Reabertura do Congresso, a volta em breve ao cenário da ex-presidenta Cristina Kirchner e a disparada do custo de vida, que, em janeiro, foi de 4,1%, algo como 30% ao ano ou três vezes maior que a brasileira, prenunciam um momento decisivo para Argentina.
Até aqui governado baixo uma mal disfarçada ditadura midiático-judicial, com os jornais exercendo indisfarçável autocensura sobre as consequências de dezenas de decretos autoritários contra as conquistas trabalhistas e a soberania nacional, o país-irmão tende a enfrentar nas ruas o esbulho de seus direitos consumado desde a posse do presidente neoliberal Maurício Macri, em 10 de dezembro.
“(Para) este regime instaurado por Macri, cujos dois primeiros meses de governo estiveram marcados por demissões, repressão e censura, Cristina é uma grande dor de cabeça para a direita”, afirma Martin Sabatella, um dos dirigentes políticos mais ligados a Cristina, em entrevista a Decio Pignotti, da Página 12 e Carta Maior e Brasil247.
Por sua vez, o jornalista Fernando Brito, do site Tijolaço, comentou: “O pessoal que sonha com Aécio Neves como “o Macri daqui” devia por as barbas de molho. O índice inflacionário mais aceito na Argentina o de Precios al Consumidor de la Ciudad de Buenos Aires (IPCBA) ficou, em janeiro, segundo mês do governo Macri, em 4,1% ao mês.Isso mesmo, ao mês, em janeiro, depois de fechar dezembro em 3,9%”.
“E isso ainda não é nada”, continua Brito, “porque não capta o brutal reajuste das contas de energia, de até 700%, que se expressará nos índices de fevereiro e de março, porque, além de aumentar, a cobrança, que era bimestral, passou a ser mensal”.
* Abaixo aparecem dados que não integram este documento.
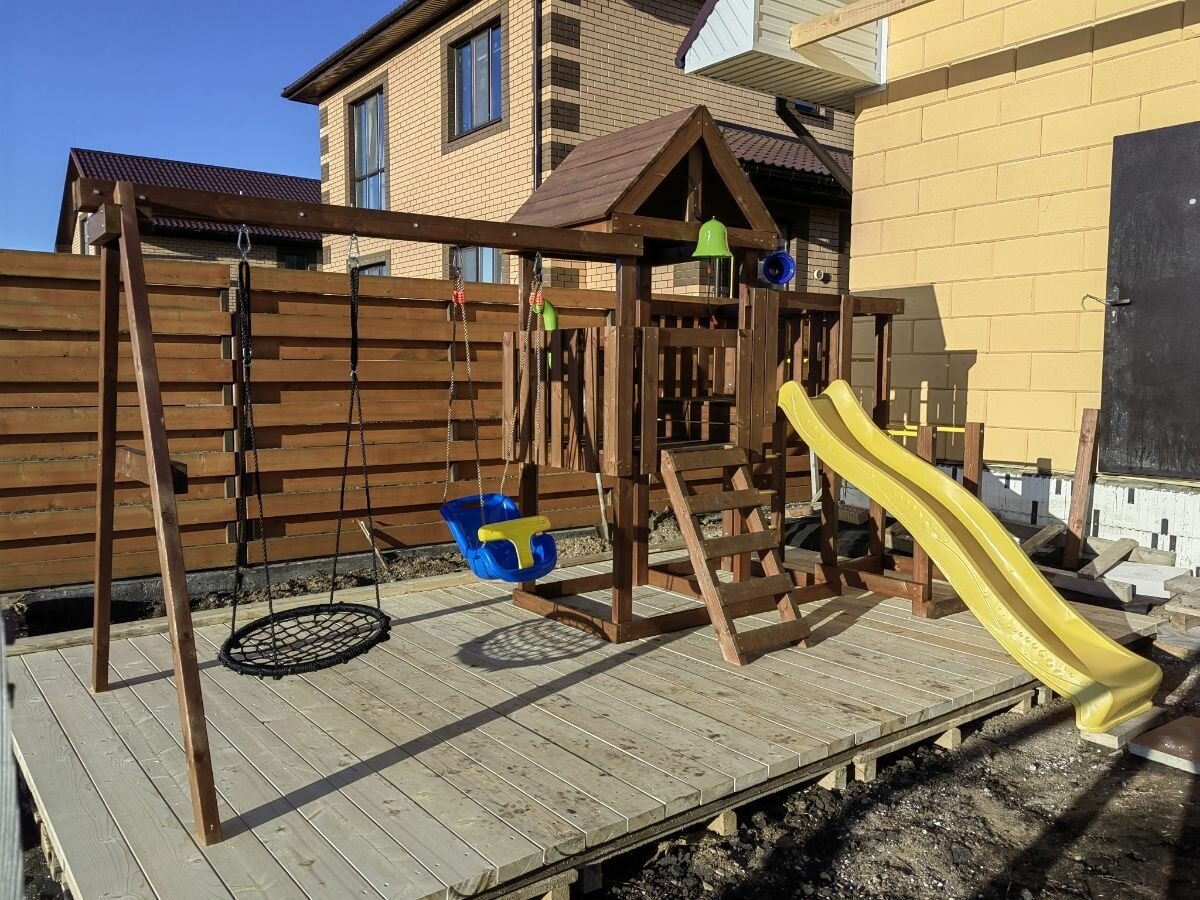 | Комплектация | Деревянный игровой домик Деревянная крыша Качельная балка Балкон Гимнастическая секция ( турник, шведская стенка, брусья, рукоход) Лестница с зацепами для скалодрома Баскетбольное кольцо с сеткой Горка пластиковая двухслойная с двойной волной 1753 мм (Бельгия) Качели без спинки - 1 шт (Бельгия) Качель гнездо 60 см - 1 шт -1 шт (Бельгия) Тонированная антисептическая пропитка на водной основе с увеличенной концентрацией защитных компонентов Шаблон для сверления отверстий Инструкция по сборке |

Por sua vez, Martín Sabbatella falou do agitado cenário político argentino, iniciado em dezembro com um ato de cerca de 600 mil e militantes, reunidos na Praça de Maio (veja vídeo abaixo) para se despedir da ex-mandatária, e continuado em janeiro com outro encontro, convocado para defender a democracia midiática e denunciar a caça às bruxas contra os jornalistas que se opõem ao macrismo.
Sabbatella se tornou um dos dirigentes próximos a Cristina desde que ela o escolheu como o funcionário encarregado de liderar a batalha cotidiana contra o oligopólio midiático do Grupo Clarín, que resistiu para não aplicar a lei de democratização da comunicação.
Essa lei, também conhecida como Ley de Medios, um dos símbolos dos doze anos de kirchnerismo (governos de Néstor e Cristina), foi anulada por Macri poucos dias depois de chegar à Casa Rosada, medida tomada junto com a demissão de Sabbatella como responsável pela AFCSA (Autoridade Federal de Comunicação e Serviços Audiovisuais), entidade criada para fazer funcionar as determinações da nova legislação, o que incluía garantir que o Grupo Clarín cumprisse com a desmonopolização e se desfizesse de parte das empresas que formam sua rede tentacular de televisão aberta e a cabo.
Na verdade, este cenário turbulento já havia sido previsto em seu discurso de despedida da Casa Rosada, quando, se referindo, sem citar o nome de seu sucessor, advertiu:
“Necessitamos que os poderes do Estado se democratizem e não sejam arietes contra a democracia, contra os governos populares e muito menos contra o povo. Independente das diferenças políticas, o mais importante é mostrar respeito à vontade popular.”